Workshop participants should read Professor Eyer's work in progress, RETHINKING TEXTUALISM: Why Progressives Should Embrace the Common-Sense Idea that the Law Means What it Says (Forthcoming 2026, University of California Press).
Monday, April 6
Dr. Daniel Galvin, Political Science, Northwestern University: Alt-Labor and the New Politics of Workers’ Rights
Daniel J. Galvin is Professor of Political Science, Faculty Fellow at the Institute for Policy Research, and Director of the Workplace Justice Lab at Northwestern University. His scholarship focuses on labor policy and politics, worker organization, and the enforcement of labor standards. His latest book, Alt-Labor and the New Politics of Workers’ Rights (Russell Sage Foundation, 2024), examines the changing nature of workers’ rights over the last half-century and the political development of “alt-labor” groups—nonunion, nonprofit worker organizations—that support and organize low-wage workers in their fight for their rights in the political and economic arenas. His current research focuses on the politics of wage theft in the United States. At the Workplace Justice Lab, Galvin conducts research on workers’ rights and economic inequality while collaborating with government agencies and worker organizations to improve labor standards enforcement and advance knowledge about emerging models of worker organization.

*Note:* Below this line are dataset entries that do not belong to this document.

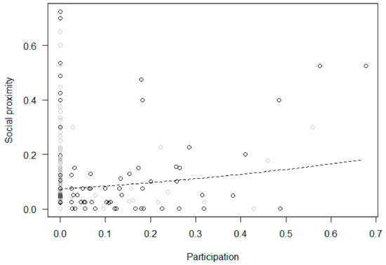 Social proximity (i.e., proportion of scans an individual was in social proximity, out of the total number of scans in which the subject was visible) as a function of participation (i.e., proportion of scans an individual interacted with the enrichment device in an enrichment session) during the treatment phase. Circles represent individual responses in each enrichment session in the morning (in black) and afternoon (in grey). The dashed line represents the fitted model, which is like Model 7b but unconditional on all the other predictors that were standardized.
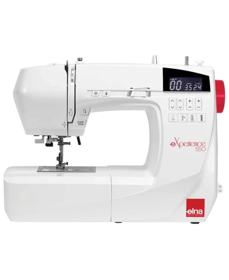 The Elna eXperience 550 is equipped with features that improve your sewing efficiencies, such as a glide-in stitch reference chart displaying 50 stitches, built-in needle threader, retractable feed dog, extra-high presser foot lift, extension table, one-touch buttons, Lcd screen, and much more!
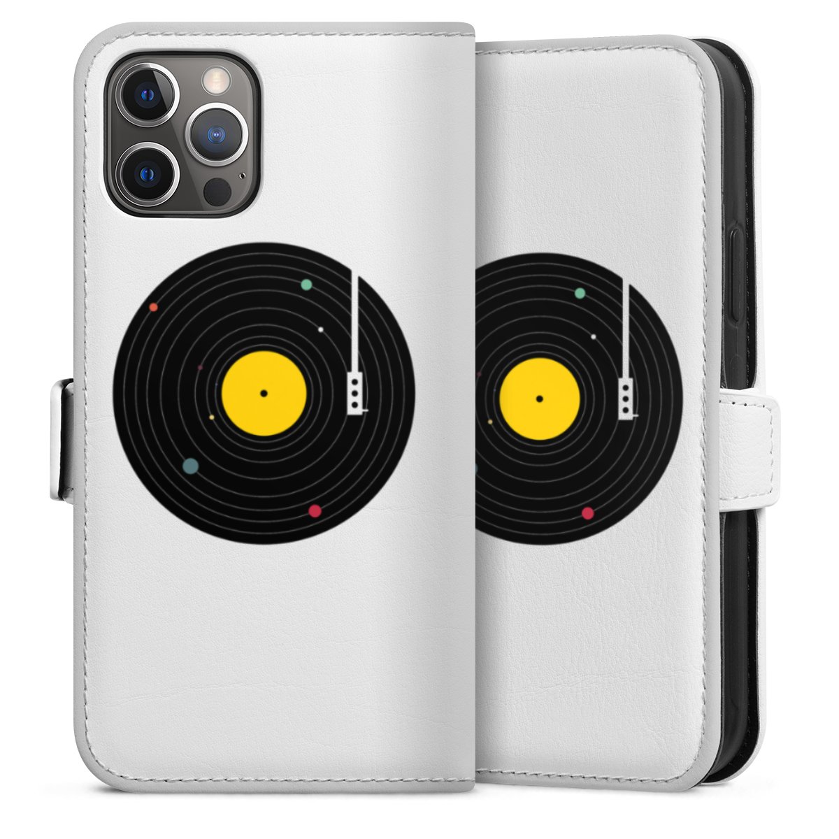For our Sideflip Case we are using our advanced direct printing technology. The back and frontside are fully printabale, the inside of the phone bag is left unprinted. You can order the phone case without print, printed completely or also with a partial print.
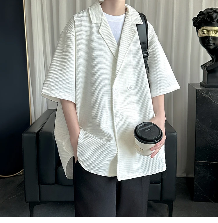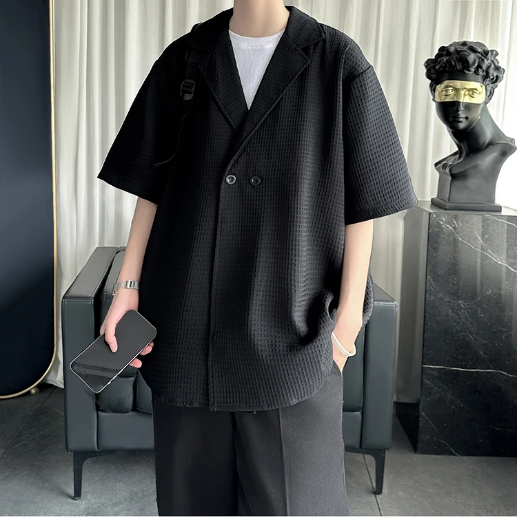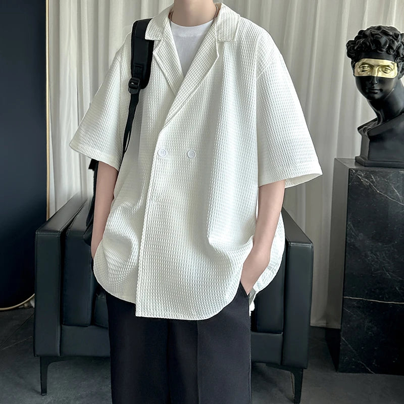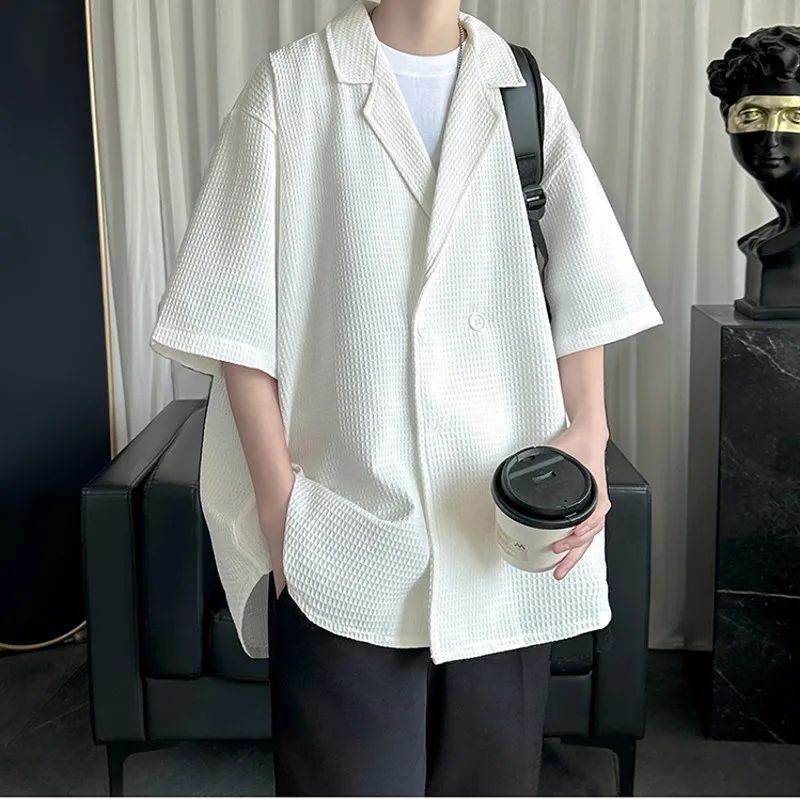 Summer Men Shirts Short Sleeves Camp Collar Luxury Designer High Quality Casual Shirt for Man Black White Oversized Clothes

Workshop participants should read Chapters One and Two of Dr. Galvin's book, Alt-Labor and the New Politics of Workers' Rights (Russell Sage Foundation, 2024).
Monday, April 13 - MOVED TO 6:15 PM
Professor Noah Zatz ‘99, University of California School of Law: Retaliation Law as Disruption Rights
Noah Zatz is Professor of Law & Labor Studies at UCLA. His research focuses on law and policy concerning low-wage and no-wage work, especially at their intersections with civil rights, public benefits, family law, immigration, and the criminal legal system. His “Get To Work or Go To Jail” project examines how threats of racialized state violence force people in the U.S. into precarious and underpaid work situations. Other ongoing projects explore the centrality of reasonable accommodation to antidiscrimination theory and the law of organizing beyond labor law. Zatz sits on the editorial board of the Law & Political Economy blog, where he also is a regular contributor. He has been Faculty Director of the UCLA Critical Race Studies Program, an Open Society Fellow, a Princeton Law & Public Affairs Fellow, and a visiting professor at Yale Law School and at the University of Chicago Law School. Before entering the legal academy, Zatz worked as a Skadden Fellow at the National Employment Law Project (NELP) in New York City. Before that, he clerked for Judge Kimba M. Wood of the Southern District of New York and Judge Guido Calabresi of the Second Circuit Court of Appeals.
Workshop participants should read Professor Zatz's work in progress, Retaliation Law as Disruption Rights (April 2026).